El gobierno ha enumerado decálogos que no se han transformado en resultados tangibles para la sociedad. Sin mediar explicación sobre los avances u obstáculos, cada propuesta se ha sobrepuesto a la anterior sin que, hasta ahora, se noten sus efectos. Contra lo que pudiera suponerse, esas propuestas no se han reflejado claramente en las iniciativas económicas enviadas al Legislativo. Mientras, los problemas nacionales se complican y las prácticas políticas se llevan a nivel de reyerta que, con el nerviosismo y ciertos dejos de autoritarismo, hacen que se confunda a las oposiciones con enemigos que deben ser aniquilados.

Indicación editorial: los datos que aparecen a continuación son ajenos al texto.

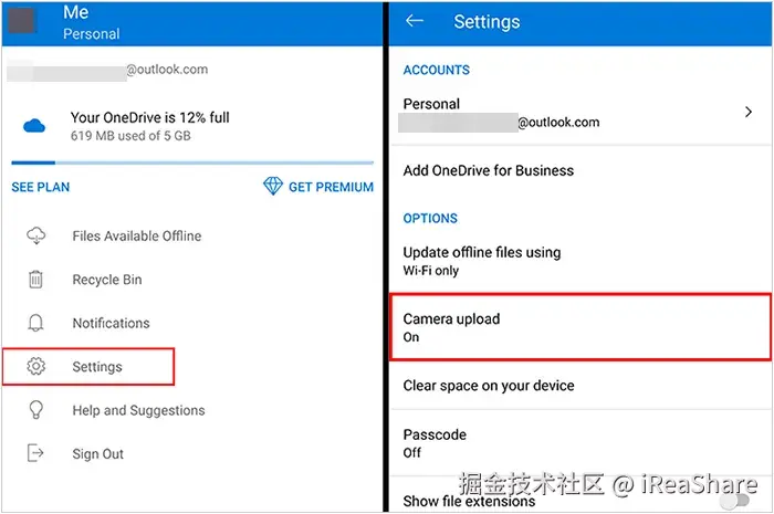 步骤3: 点击“我”图标(通常位于右下角)。然后点击“设置”>“相机上传”并将其切换为开启状态。这样,您就可以将照片上传到OneDrive进行备份。

Seamos responsables. No podemos esperar demasiado para que empiecen a revertirse estas tendencias, pues no hay razones para refundar al país cada sexenio y menos para pedir resignación mientras termina una gestión de gobierno. Es hora del diálogo e incluso del debate abierto entre fuerzas políticas, organizaciones sociales e instituciones académicas, en busca de soluciones que, si no pueden dar frutos a corto plazo, deben emprenderse de inmediato, al menos, para evitar complicaciones más costosas para la nación.
No hay que esperar ninguna fecha para empezar a estructurar políticas de Estado pensadas para el mediano y largo plazos y en las que concurran los tres Poderes de la Unión y los tres órdenes de gobierno. Es urgente diseñar, discutir y adoptar una política para el crecimiento económico sostenido y sustentable, que integre las cadenas productivas y atenúe las desigualdades económicas regionales. Faltan políticas de Estado para construir infraestructura, preservar las cuencas hidrológicas, dar oportunidades de educación a los jóvenes, combatir y prevenir el crimen organizado y fortalecer la cohesión social a partir del combate efectivo a la desigualdad, empezando por las localidades de alta marginación.
Los legisladores del PRI pondremos nuestra parte para arribar a éstas y otras grandes decisiones. Pero es necesario revalorar la política, reconstruirla como debate entre ciudadanos libres, no como discordia y descalificación; reconocer que las sociedades son naturalmente diversas, que en la democracia emergen las diferencias y que éstas no obstruyen el diálogo ni los acuerdos, son su primer requisito.